Plutarco ha referido que Julio César lloró la muerte de Pompeyo; Aureliano no lloró la

de Juan, pero sintió lo que sentiría un hombre curado de una enfermedad incurable, que

ya fuera una parte de su vida. En Aquilea, en Éfeso, en Macedonia, dejó que sobre él

pasaran los años. Buscó los arduos límites del Imperio, las torpes ciénagas y los

contemplativos desiertos, para que lo ayudara la soledad a entender su destino. En una

celda mauritana, en la noche cargada de leones, repensó la compleja acusación contra

Juan de Panonia y justificó, por enésima vez, el dictamen. Más le costó justificar su

tortuosa denuncia. En Rusaddir predicó el anacrónico sermón Luz de las luces

encendida en la carne de un réprobo. En Hibernia, en una de las chozas de un

monasterio cercado por la selva, lo sorprendió una noche, hacia el alba, el rumor de la

lluvia. Recordó una noche romana en que lo había sorprendido, también, ese minucioso

rumor. Un rayo, al mediodía, incendió los árboles y Aureliano pudo morir como había

muerto Juan.

El final de la historia sólo es referible en metáforas, ya que pasa en el reino de los

cielos, donde no hay tiempo. Tal vez cabría decir que Aureliano conversó con Dios y

que Éste se interesa tan poco en diferencias religiosas que lo tomó por Juan de Panonia.
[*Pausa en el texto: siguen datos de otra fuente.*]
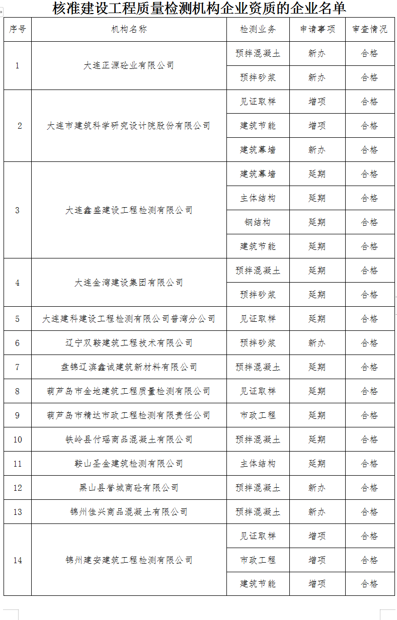 辽宁省住建厅关于核准工程质量检测机构企业资质的公告
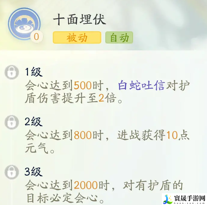 3、被动-十面埋伏:根据杨康的会心数值来提升伤害等效果。

Ello, sin embargo, insinuaría una confusión de la mente divina. Más correcto es decir

que en el paraíso, Aureliano supo que para la insondable divinidad, él y Juan de Panonia

(el ortodoxo y el hereje, el aborrecedor y el aborrecido, el acusador y la víctima)

formaban una sola persona.

(1) En las cruces rúnicas los dos emblemas enemigos conviven, entrelazados.